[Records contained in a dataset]
Content starts
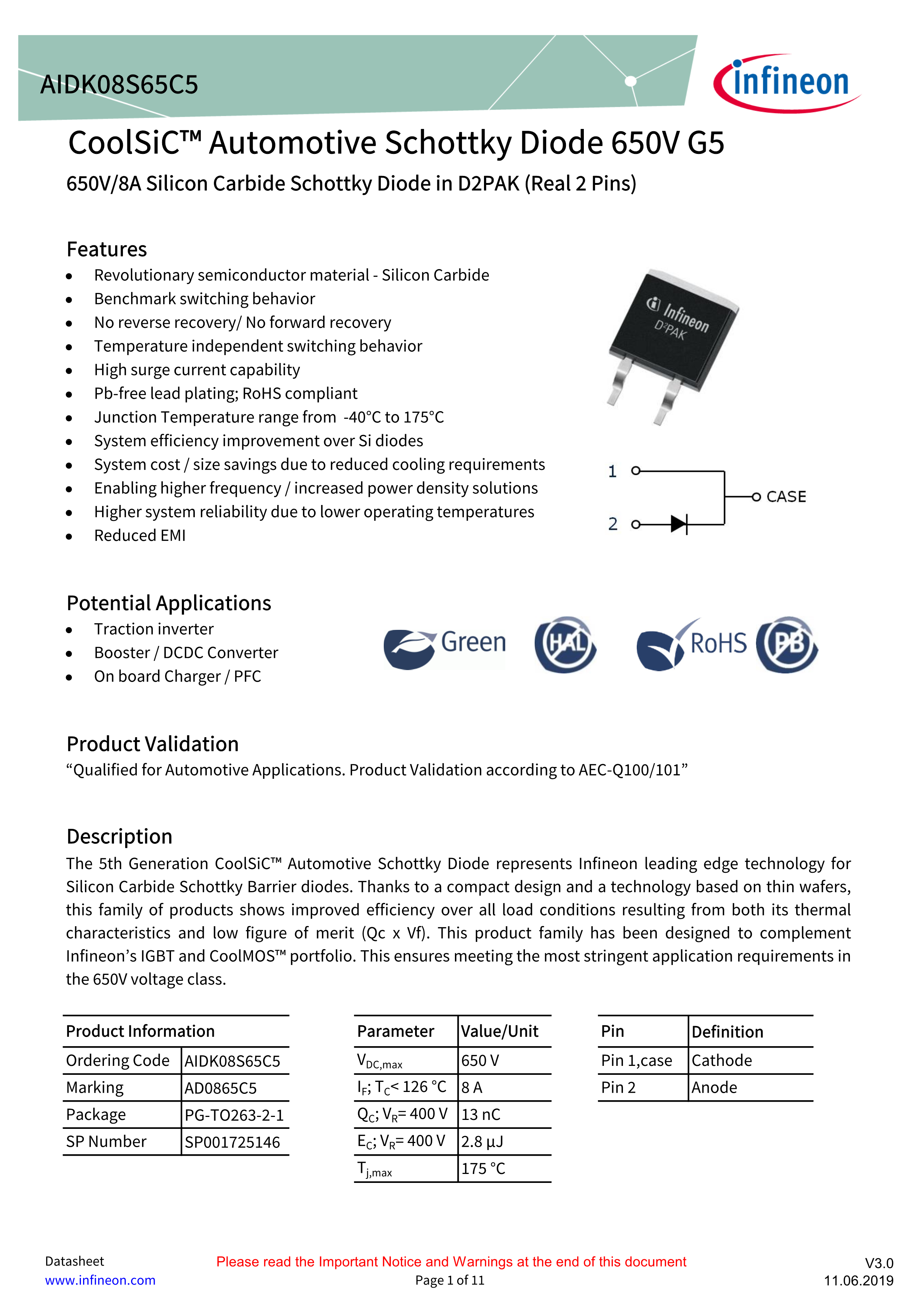 AIDK08S65C5数据手册PG-TO263-2-1封装Infineon(英飞凌)PDF规格书,中
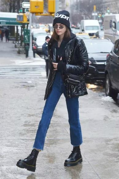 马丁靴虽然是必备的时尚单品,但也要选择适合的服饰来搭配它,这样才能彰显出鞋子的气质,一般我们会选择穿紧身裤来搭配马丁靴,瞬间提升整个人的比例。
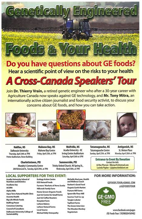 "My main message for the people in Nova Scotia is that 80 per cent of the food in the grocery store is contaminated with engineered ingredients," says Vrain. "Soy beans, canola, corn, cotton seed oil, sugar beets. Those crops, engineered to be tolerant of herbicides are then sprayed with [herbicides like] Round Up." Read more...
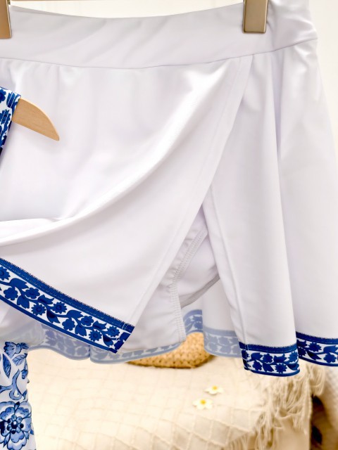 Tummy Coverage Mid Waisted Floral Print White Tankini Set
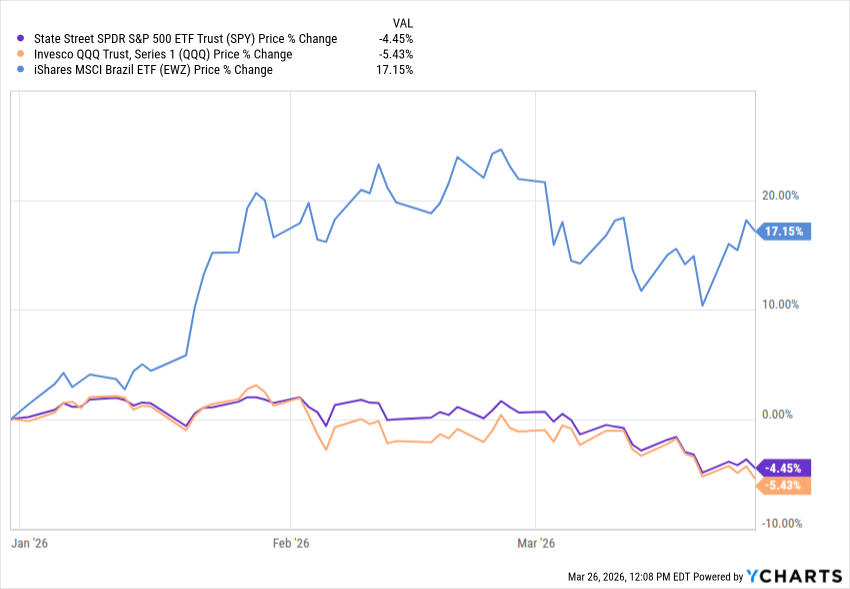 Latin American country ETFs have also been on a tear. Here’s Brazil, $EWZ.
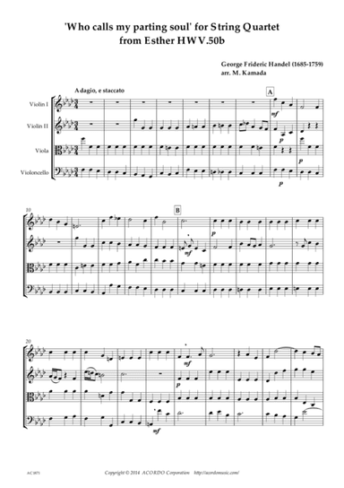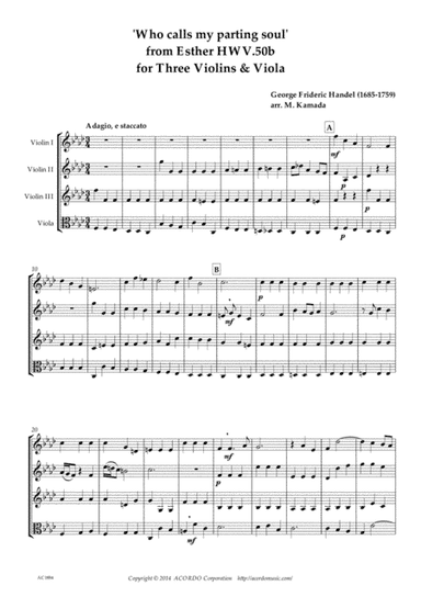 Instrumental Duet Instrumental Duet,Viola,Violin - Level 3 - Digital Download SKU: A0.777978 Composed by George Frideric Handel. Arranged by Mikio Kamada. Baroque. Score and parts. 6 pages. ACORDO Sheet Music #4730127. Published by ACORDO Sheet Music (A0.777978). Esther, HWV.50b is an oratorio composed by George Frideric Handel. The story is set in 4th century B.C. of Persia. "Who calls my parting soul" is a beautiful area duet for Esther and King Ahaseurus. The music was originally written as "Soll mein kind" in Brockes Passion, HWV.48. The lower melody part was a little bit decorated in Esther. This product was created by a member of ArrangeMe, Hal Leonard’s global self-publishing community of independent composers, arrangers, and songwriters. ArrangeMe allows for the publication of unique arrangements of both popular titles and original compositions from a wide variety of voices and backgrounds. About Digital Downloads Digital Downloads are downloadable sheet music files that can be viewed directly on your computer, tablet or mobile device. Once you download your digital sheet music, you can view and print it at home, school, or anywhere you want to make music, and you don’t have to be connected to the internet. Just purchase, download and play! PLEASE NOTE: Your Digital Download will have a watermark at the bottom of each page that will include your name, purchase date and number of copies purchased. You are only authorized to print the number of copies that you have purchased. You may not digitally distribute or print more copies than purchased for use (i.e., you may not print or digitally distribute individual copies to friends or students).
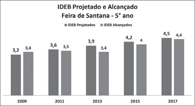 Em termos de avaliação institucional, percebe-se que, segundo o IDEB, o município feirense não tem alcançado os patamares definidos pelo Ministério da Educação.
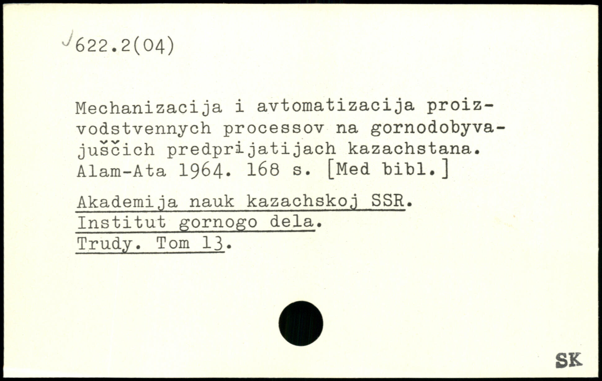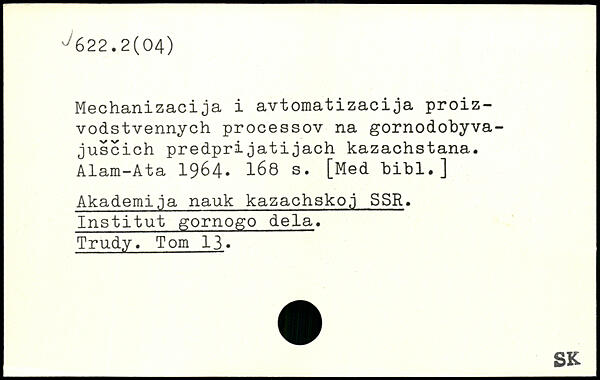 Mechanizacija i avtomatizacija proiz-vodstvennych processov na gornodobyva-juscich predprijatijach kazachstana. Alam-Ata 1964.
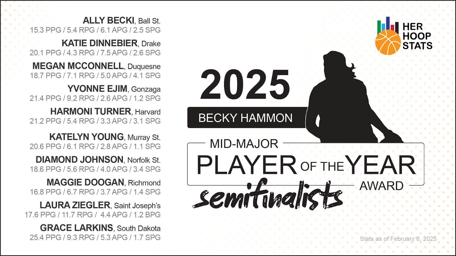 2025 Becky Hammon Mid-Major Player of the Year presented by Her Hoop Stats Semifinalists
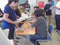 ▲作業がスムーズにいくように、PTA女性本部役員の皆様が準備をしてくれました。
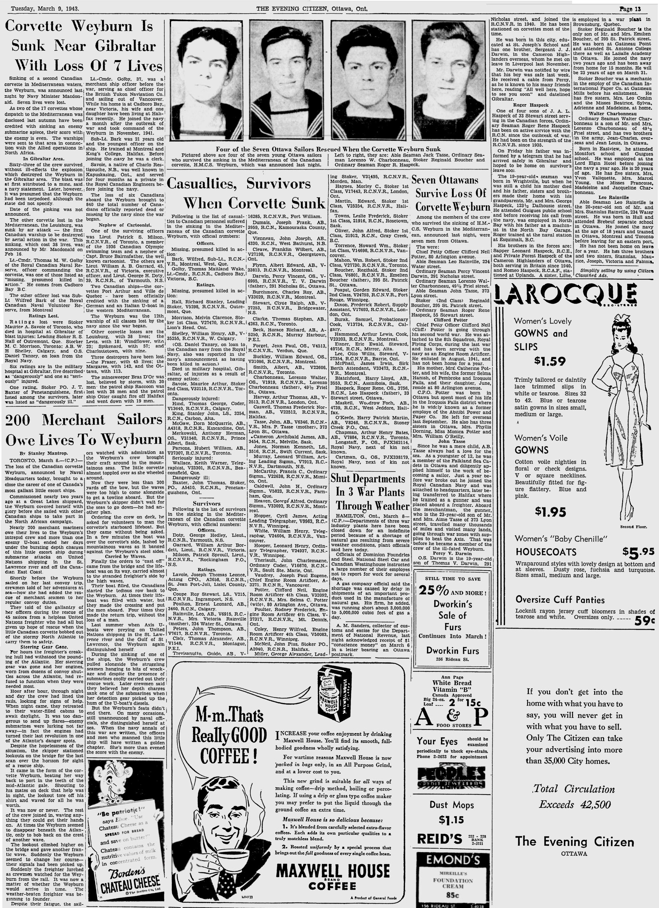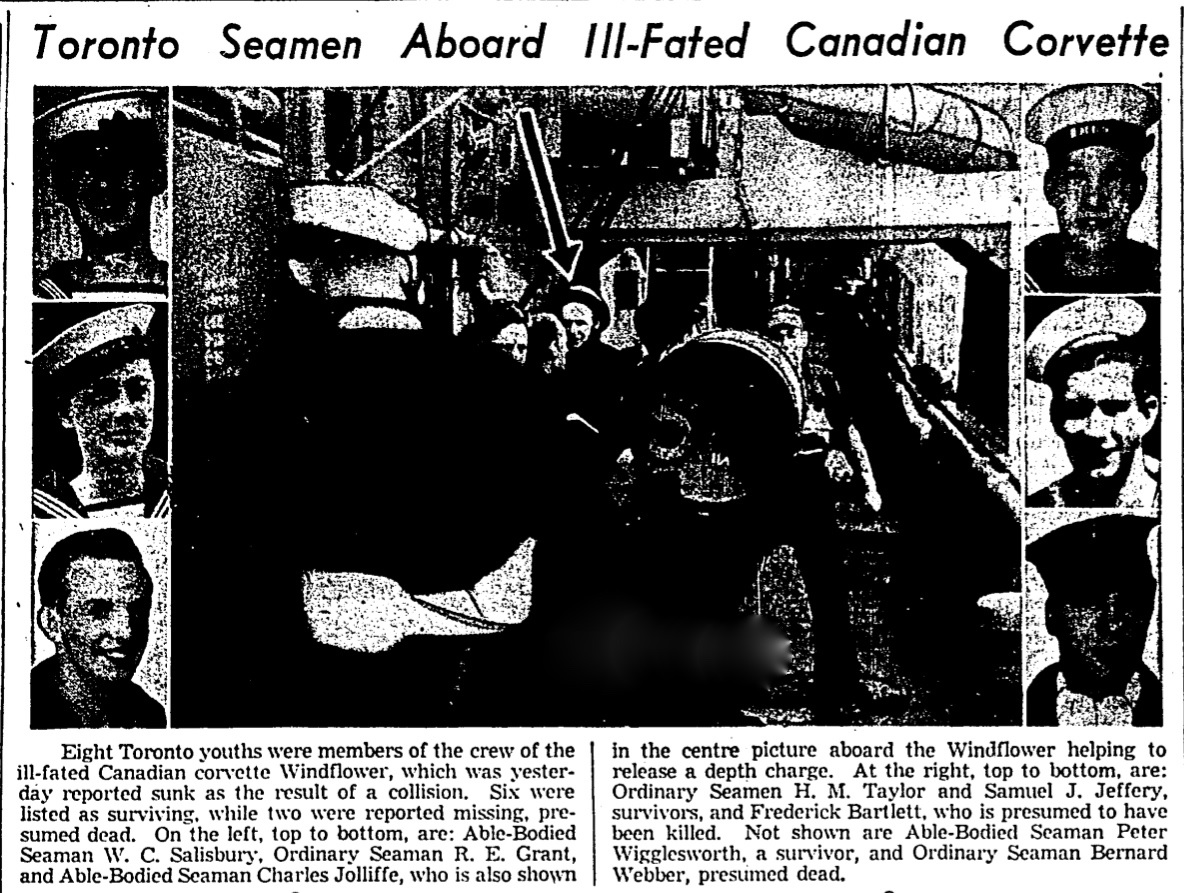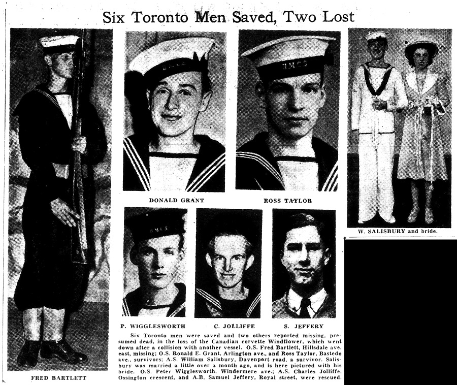 (WDF004) Newspaper article on the sinking of HMCS WINDFLOWER (WDF005) Newspaper articles on the sinking of HMCS WINDFLOWER K155 // The Evening Citizen, Ottawa, Ontario - 09 Mar 1943 (WDF006) Six Toronto Men Save, Two Lost // Toronto Telegram Dec 1941 // Article on HMCS WINDFLOWER casualties and survivors
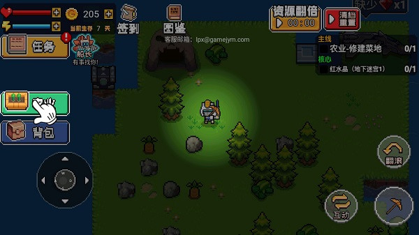 游戏背景:意外坠机荒岛的主人公需要在岛上生存下去,收集资源打造武器,收集宝石修复飞船,最终成功逃出!
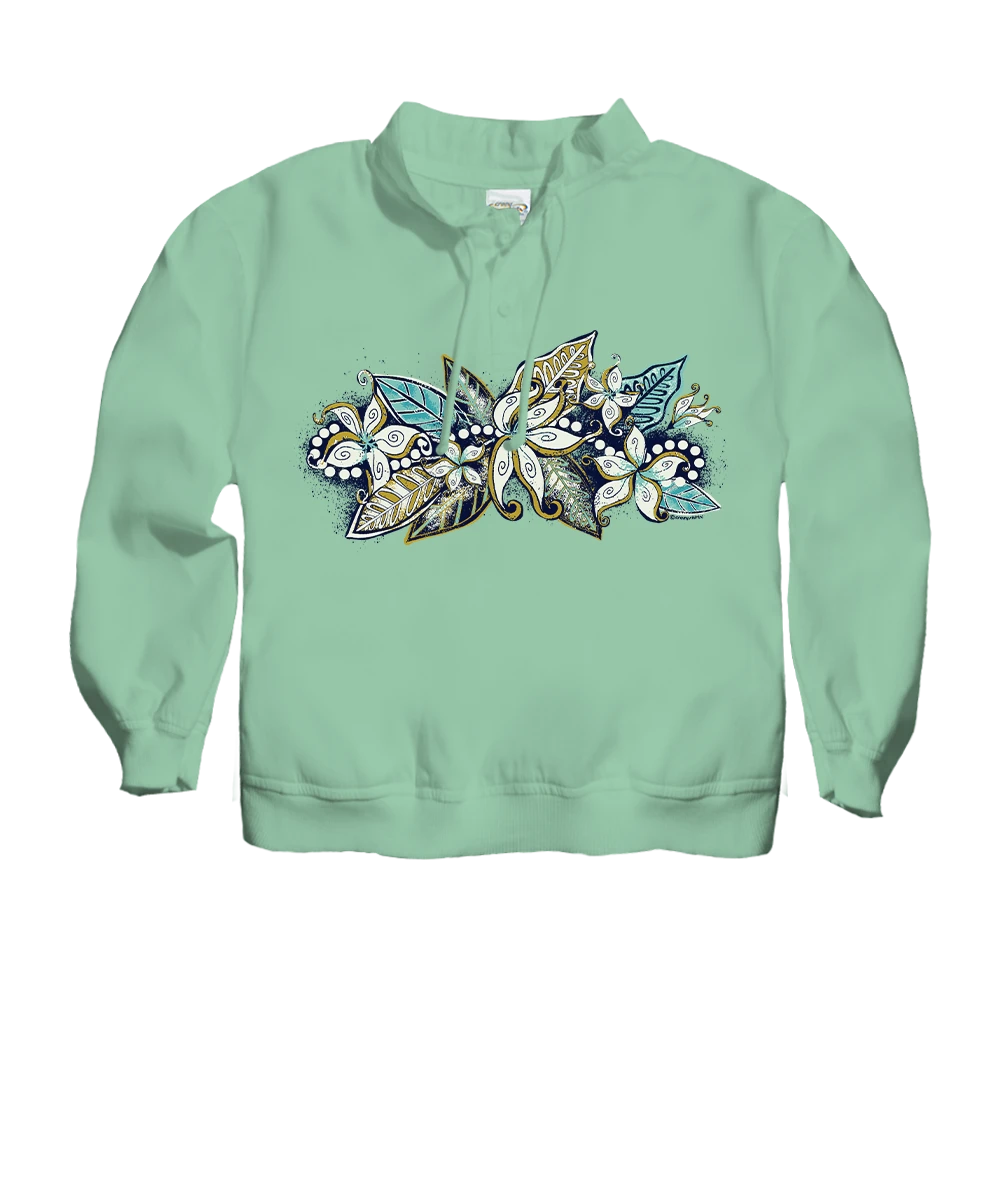 On the island of Kauai, the mokihana plant’s berries are strung into leis that are representative of the local culture. This linear design is lush and lively as the rainforests where these plants grow, allowing you to embrace the spirit and beauty of the Garden Isle. Dyed using our key lime specialty dyeing process and crafted from 100% cotton that is ring-spun and sueded for softness and durability, this lightweight pullover also features a relaxed cut and spandex at the cuff and bottom hem to make it the perfect layering top. We only use environmentally friendly, water-based inks that penetrate the material’s fiber resulting in more vibrant colors, a softer feel and artwork that doesn’t crack or peel. Plus, it is proudly printed in the United States for quality you can see and designs that stand the test of time.
Content ends
▸ **Exercise prompt**
Leaving the pictures aside, output each entry above exactly as written.

▸ **Solution for this exercise**
 AIDK08S65C5数据手册PG-TO263-2-1封装Infineon(英飞凌)PDF规格书,中
 马丁靴虽然是必备的时尚单品,但也要选择适合的服饰来搭配它,这样才能彰显出鞋子的气质,一般我们会选择穿紧身裤来搭配马丁靴,瞬间提升整个人的比例。
 "My main message for the people in Nova Scotia is that 80 per cent of the food in the grocery store is contaminated with engineered ingredients," says Vrain. "Soy beans, canola, corn, cotton seed oil, sugar beets. Those crops, engineered to be tolerant of herbicides are then sprayed with [herbicides like] Round Up." Read more...
 Tummy Coverage Mid Waisted Floral Print White Tankini Set
 Latin American country ETFs have also been on a tear. Here’s Brazil, $EWZ.
 Instrumental Duet Instrumental Duet,Viola,Violin - Level 3 - Digital Download SKU: A0.777978 Composed by George Frideric Handel. Arranged by Mikio Kamada. Baroque. Score and parts. 6 pages. ACORDO Sheet Music #4730127. Published by ACORDO Sheet Music (A0.777978). Esther, HWV.50b is an oratorio composed by George Frideric Handel. The story is set in 4th century B.C. of Persia. "Who calls my parting soul" is a beautiful area duet for Esther and King Ahaseurus. The music was originally written as "Soll mein kind" in Brockes Passion, HWV.48. The lower melody part was a little bit decorated in Esther. This product was created by a member of ArrangeMe, Hal Leonard’s global self-publishing community of independent composers, arrangers, and songwriters. ArrangeMe allows for the publication of unique arrangements of both popular titles and original compositions from a wide variety of voices and backgrounds. About Digital Downloads Digital Downloads are downloadable sheet music files that can be viewed directly on your computer, tablet or mobile device. Once you download your digital sheet music, you can view and print it at home, school, or anywhere you want to make music, and you don’t have to be connected to the internet. Just purchase, download and play! PLEASE NOTE: Your Digital Download will have a watermark at the bottom of each page that will include your name, purchase date and number of copies purchased. You are only authorized to print the number of copies that you have purchased. You may not digitally distribute or print more copies than purchased for use (i.e., you may not print or digitally distribute individual copies to friends or students).
 Em termos de avaliação institucional, percebe-se que, segundo o IDEB, o município feirense não tem alcançado os patamares definidos pelo Ministério da Educação.
 Mechanizacija i avtomatizacija proiz-vodstvennych processov na gornodobyva-juscich predprijatijach kazachstana. Alam-Ata 1964.
 2025 Becky Hammon Mid-Major Player of the Year presented by Her Hoop Stats Semifinalists
 ▲作業がスムーズにいくように、PTA女性本部役員の皆様が準備をしてくれました。
 (WDF004) Newspaper article on the sinking of HMCS WINDFLOWER (WDF005) Newspaper articles on the sinking of HMCS WINDFLOWER K155 // The Evening Citizen, Ottawa, Ontario - 09 Mar 1943 (WDF006) Six Toronto Men Save, Two Lost // Toronto Telegram Dec 1941 // Article on HMCS WINDFLOWER casualties and survivors
 游戏背景:意外坠机荒岛的主人公需要在岛上生存下去,收集资源打造武器,收集宝石修复飞船,最终成功逃出!
 On the island of Kauai, the mokihana plant’s berries are strung into leis that are representative of the local culture. This linear design is lush and lively as the rainforests where these plants grow, allowing you to embrace the spirit and beauty of the Garden Isle. Dyed using our key lime specialty dyeing process and crafted from 100% cotton that is ring-spun and sueded for softness and durability, this lightweight pullover also features a relaxed cut and spandex at the cuff and bottom hem to make it the perfect layering top. We only use environmentally friendly, water-based inks that penetrate the material’s fiber resulting in more vibrant colors, a softer feel and artwork that doesn’t crack or peel. Plus, it is proudly printed in the United States for quality you can see and designs that stand the test of time.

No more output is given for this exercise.